Avery Dennison Corporation says that it has doubled its share of sales in emerging markets over the past five years, and that revenue from Asia, Latin America and Eastern Europe currently represent more than 20 percent of Avery’s total sales. Those were the words of Dean Scarborough, president and CEO, to a gathering of securities analysts and institutional investors last month in Los Angeles, CA, USA.
Company leaders provided an update on Avery Dennison’s growth strategies and operations at the meeting. These included reviews and projections for the pressure sensitive materials business, office products business, retail information services business, and specialty materials and converting businesses.

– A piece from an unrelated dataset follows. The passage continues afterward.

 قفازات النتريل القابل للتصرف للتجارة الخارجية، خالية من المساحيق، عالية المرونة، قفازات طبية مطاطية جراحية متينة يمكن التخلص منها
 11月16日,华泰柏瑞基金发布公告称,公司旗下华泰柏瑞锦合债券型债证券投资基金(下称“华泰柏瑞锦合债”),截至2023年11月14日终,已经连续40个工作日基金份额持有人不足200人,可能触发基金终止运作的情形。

Scarborough highlighted the progress to date for Avery Dennison’s new RFID business, stating that “similar to the emerging markets today, RFID will one day represent an entirely new platform for growth.” He announced that global consumer products manufacturer Kimberly-Clark recently selected Avery Dennison as its supplier for Gen 2 inlays, which are the industry’s current standard for RFID labels. As previously announced, the company is targeting approximately $10 million in revenue from RFID inlays this year, including sales related to Kimberly-Clark’s implementation plans, as well as those of other end users and converters expected to be announced in the coming months.

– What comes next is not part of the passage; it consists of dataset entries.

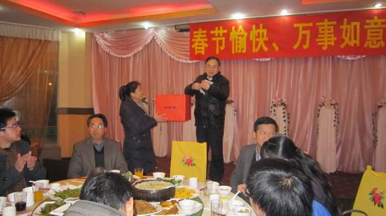宴会上,阳旭副书记代表学院党委向全体留校同学致以节日的问候和良好的祝福,祝大家春节快乐,在新的一年里身体健康、学习进步,并通过同学们转达了学院对家长们的春节祝福。他说到,2010年是难忘的一年,是学院跨越发展的一年;2011年将是充满希望的一年,他希望全院师生同心协力,共谋发展,迎来学院发展的新一轮春天。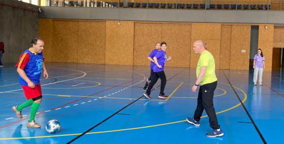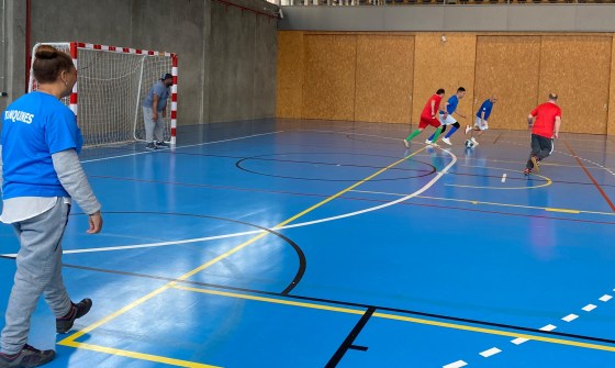 Salud mental intenta varias veces acercarse a la portería, pero la defensa del equipo de AFIM es muy buena y consigue redirigir el balón a su campo rápidamente.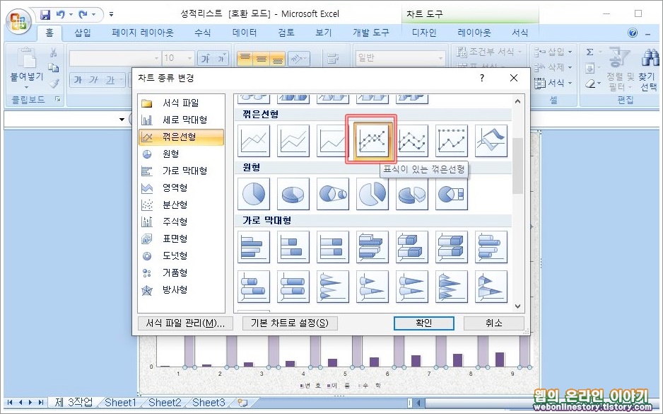 ■ 차트 종류 변경 대화상자를 불러왔다면 '꺽은 선형 - 표식이 있는 꺽은선형' 을 선택합니다. 여기서 원형, 가로 막대형등 사용자가 원하는 차트 종류를 변경할수가 있답니다.

Avery Dennison “has targeted a market share goal of 30 percent by the end of 2006, which should eventually translate into a business contributing hundreds of millions of dollars of revenue annually.” He also outlined the company’s competitive advantages in the RFID marketplace, including its proprietary high speed manufacturing capability for inlays and its extensive network of existing relationships with label converters that will supply RFID tags to end users.